The 31-year-old Hatcher, an eight-year veteran, has already established a new career high with a team-best five sacks. He’s also tied for the team lead with three tackles for losses and ranks behind only Ware with 13 quarterback pressures.
The burden has never been heavier on Hatcher, who is coming off a dominant performance in a win over the Washington Redskins. He’s already been a focus of blocking schemes who haven’t had to worry about Spencer (injured reserve with a knee injury) or Ratliff (PUP list with as he continues the longest recovery from sports hernia surgery in NFL history). Now, Ware is likely to miss a couple of games due to a strained quadriceps.
“He’s a guy that would get a lot of attention any way,” coach Jason Garrett said of Hatcher. “That attention only gets greater.
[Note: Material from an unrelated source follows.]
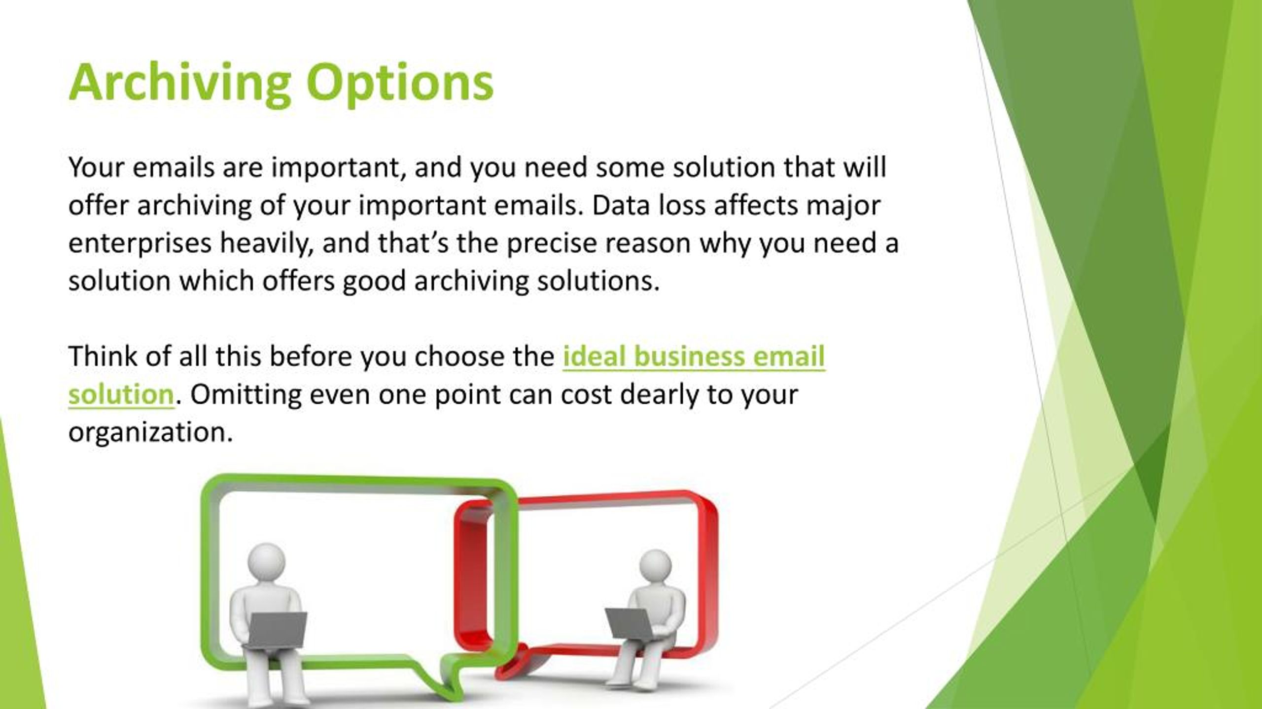 Archiving Options Your emails are important, and you need some solution that will offer archiving of your important emails. Data loss affects major enterprises heavily, and that’s the precise reason why you need a solution which offers good archiving solutions. Think of all this before you choose the ideal business email solution. Omitting even one point can cost dearly to your organization.

And he just responds to it. ...
“He plays the right way. It’s really important to him. He works very hard. He’s one of those guys that as a coach you can point to and say, watch that guy. He validates all of the things that we’re trying to teach. He has a relentless spirit about him. Great competitive nature, and he’s shown it week in and week out.”
Hatcher has excelled as the 3-technique tackle, a position that had been earmarked for Ratliff. A challenge for the coaching staff now is to figure out ways to create one-on-one matchups for Hatcher while he’s surrounded by unproven young players and journeymen.
Hatcher’s mission is to maintain his Pro Bowl-caliber level of performance despite being the primary focus of opposing blocking schemes -- and to help the no-name guys around him raise their games.
“I’m the leader of this D-line,” Hatcher said. “Now that D-Ware is gone, I’ve got to hold these guys accountable, play the game the right way, make sure they play their butts off and don’t approach the game like backups.”
Hatcher spent much of his career as a backup. Now, despite teammates going down all around him, he’s emerged as a dominant force.